Antes de llegar a Marrakech pasamos por Benguerir, un pueblo en principio sin mayor importancia, si no fuera porque en sus proximidades se encuentra una gran base aérea construida por los estadounidenses. La entrada de la base está junto a la carretera, y al pasar quedamos asombrados por su desproporcionada y fantasiosa belleza, alejada de la idea que uno suele tener del acceso a una base de aviación. Es una gran puerta monumental que recuerda la entrada de una alcazaba. Imagino que más allá de esa puerta, en el interior de la base, los americanos se habrán construido todas las infraestructuras que necesiten sus militares (hamburgueserías incluidas). El cercano pueblo ofrece pocas atracciones y Marrakech está a setenta y dos kilómetros de carretera normal marroquí, lo que significa una apreciable distancia.
Entre Benguerir y Marrakech se atraviesa una pequeña cadena montañosa, el Ybilet, breve anticipo del Atlas. Cuando se superan esos montes se ofrece a la vista la lejana cordillera y antes de ella los palmerales que rodean Marrakech (o Marrakus, transcripción al parecer más correcta); la ciudad roja, la capital bereber del sur.

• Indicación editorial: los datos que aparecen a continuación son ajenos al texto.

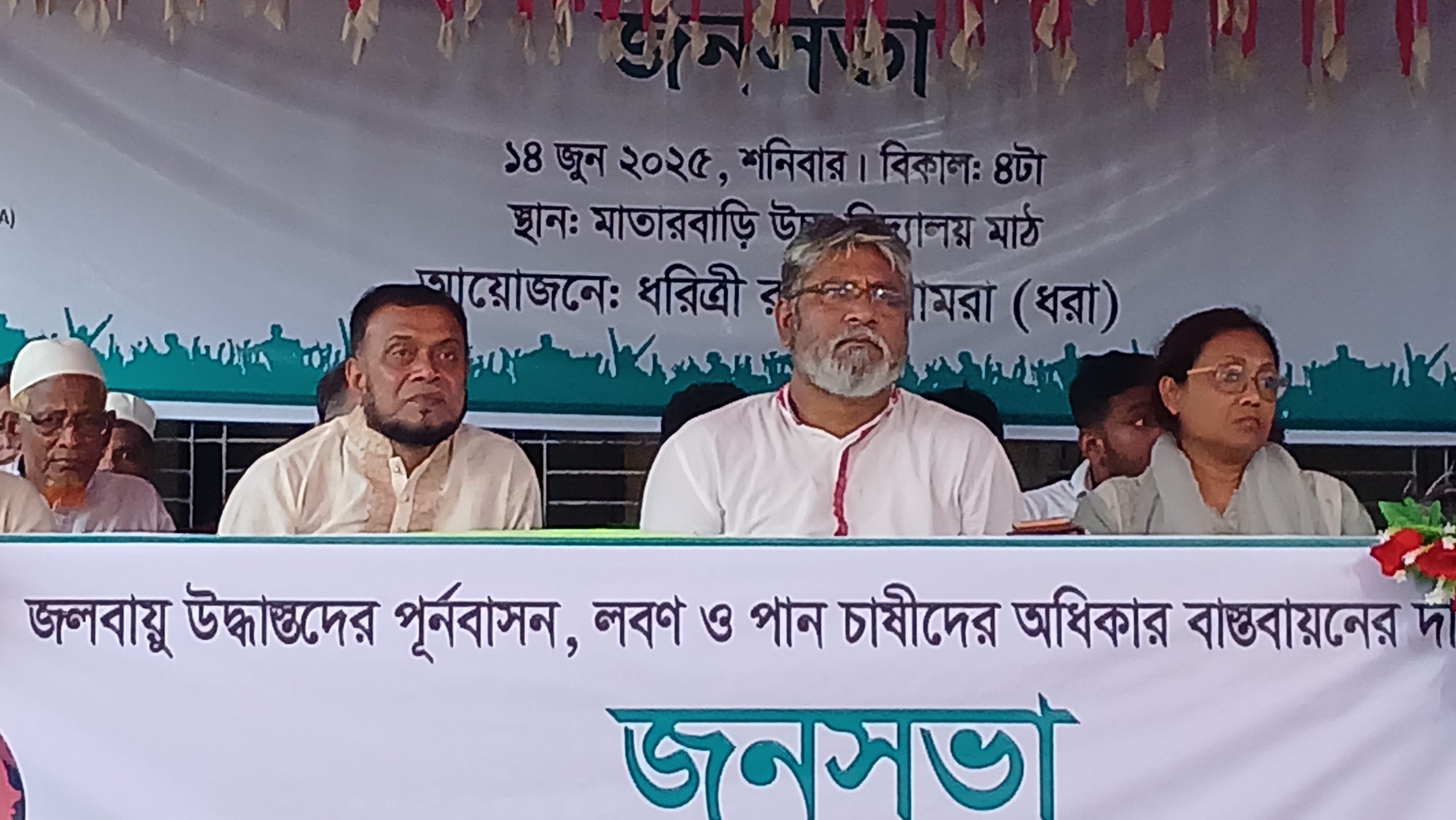 জলবায়ু উদ্বাস্তুদের পূর্ণবাসন লবণ ও পানচাষীদের অধিকার বাস্তবায়নের দাবিতে কক্সবাজারের মহেশখালীর মাতারবাড়ি উচ্চ বিদ্যালয় মাঠে আয়োজিত জনসভায় বক্তারা বলেছেন, শিল্পায়নের নামে লবণ চাষীদের উদ্বাস্ত করার ষড়যন্ত্র চলছে। লবণ চাষের জমিতে শিল্পায়নের মাধ্যমে এই চাষকে বাংলাদেশ থেকে চিরতরে উৎখাতের ষড়যন্ত্র চলছে। শুরু হয়েছে লবণ আমদানির ষড়যন্ত্র। পান চাষিরা ন্যায্য মূল্য পাচ্ছে না। অপরদিকে পরিবেশ ধ্বংস করে একের পর এক শিল্পায়ন হচ্ছে। তাই পরিবেশ প্রতিবেশ রক্ষায় ও লবণ ও পান চাষীদের উদ্বাস্ত করার ষড়যন্ত্র কোনভাবেই বাস্তবায়ন করতে দেবে না এদেশের জনগণ। বাংলাদেশের একমাত্র লবণ উৎপাদন হচ্ছে কক্সবাজারে, কিন্তু সেই লবণ উৎপাদনের জমিগুলো শিল্পায়নের নামে কেড়ে নেওয়া হচ্ছে।এতে করে প্রান্তিক জনগোষ্ঠী উদ্বাস্ত হওয়ার পথে।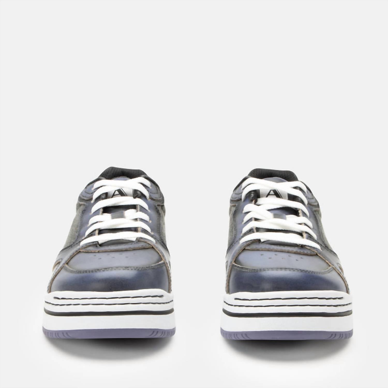 Get your daily steps in with these adorable sneakers. Introducing the Women's Alyster Sneakers by Alegria, a chic choice for fashion-forward individuals. With a sleek Blue Black leather and washed canvas upper, these lace-up sneakers are both stylish and practical. The round toe design and lightweight EVA rubber slip-resistant outsole offer comfort, with a low heel height of 1.5 inches providing support for your adventures. Perfect for those seeking fashionable footwear that doesn't compromise on functionality.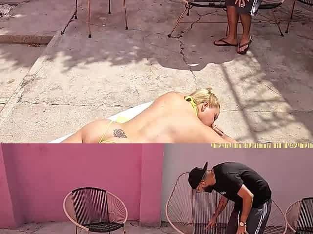 "Mel strips on the balcony in front of people"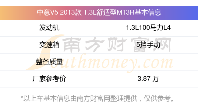 中意V5 2013款 1.3L舒適型M13R動力上配備的是一臺1.3L100馬力L4自然吸氣發(fā)動機,匹配的是5擋手動擋變速箱,燃料形式為汽油,廠家參考價3.87萬元。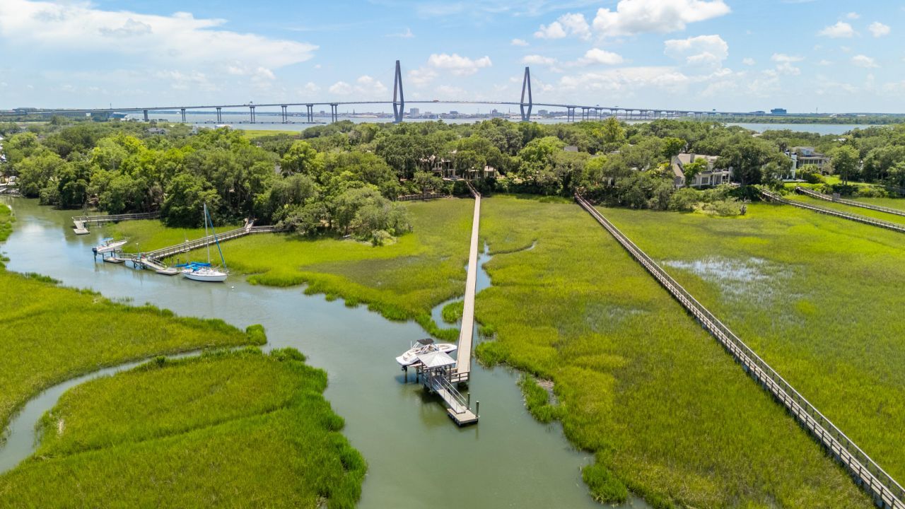 This exquisite Spanish Mediterranean deepwater estate in River Reach at Remleys Point is located within one of Mount Pleasant's most exclusive and private waterfront enclaves. Perfectly positioned on Molasses Creek with direct access to the Wando River, the home offers sweeping marsh views, refined finishes, and a seamless indoor-outdoor lifestyle, all just minutes from downtown Charleston with the convenience of a single right-on-red turn to the bridge.Perched on a high bluff, the property includes a private dock on fully navigable Molasses Creek with roughly five feet of depth at low tide, a covered pier head, and a floating dock with a 5,000-pound boat lift. Located in an X Flood Zone and approximately 16 feet above sea level, the home is just around the bend from the Wando River. You can reach Charleston Harbor in minutes.Inside, the gracious foyer opens to a spacious living room with a fireplace and a direct connection to the chef's kitchen, which features a 48-inch Thermador Pro Grand Steam Range, built-in refrigerator, and an Aquasauna double water filtration system. The dining space is accented by an authentic Italian Sputnik chandelier and flows seamlessly onto the pool terrace, where sweeping marsh views create the feeling of alfresco dining year-round. The primary suite serves as a serene retreat with a spa-like bath, generous closets, and porch access, while two additional bedrooms, each with en suite baths, are located on opposite wings of the home for enhanced privacy. A hidden sound proof theatre with secret entry offers a projector screen, surround sound, and oversized lounge seating. Designed for entertaining and relaxation, the home features whole-house audio, a heated saltwater pool with LED lighting and waterfall spa, an outdoor sound system, gas lanterns, and an artificial turf lawn that stays green year-round. A lush vegetable and herb garden with a mature fig tree adds charm, complemented by a pool shower and manicured grounds. Multiple porches provide abundant outdoor living space, with a dumbwaiter serving the top floor for added convenience. Hurricane-rated windows throughout the home provide peace of mind, while professional lighting illuminates the striking architecture and centuries-old oaks each evening.A distinctive highlight is the pool house, which functions as an Auralex-designed, professional-grade music studio with double studded walls and floating floor, complete with a vocal booth, custom sound conditioning panels, wet bar, and even a mini hair salon.This thoughtfully designed deepwater retreat combines sophisticated design, luxury amenities, and the ultimate Lowcountry lifestyle where everyday feels like a getaway.

Como advirtiera mi tío, el calor de este mediodía marrakchí de agosto es agobiante. Ponemos el aire acondicionado del coche y subimos las ventanillas. Es una debilidad, pero nadie va a recompensarnos por sufrir. Desde nuestro microclima artificial, contemplamos la extensión del palmeral que discurre ante nuestros ojos. Las palmeras, de muy diversas alturas, forman una capa de color verde pálido que parece flotar sobre la tierra desolada. De vez en cuando aparecen entre las palmeras algunos muros de adobe rojo. Es un rojo entre anaranjado y rosáceo. El mismo tono que después veremos constantemente en Marrakech, tanto en la vieja medina como en los edificios nuevos, que construyen de ladrillo y cemento pero pintan de ese color. Este paisaje de palmeras nos recuerda que Marrakech es la puerta del desierto. Al sur están las montañas del Alto Atlas, y un poco más allá, el inmenso Sáhara.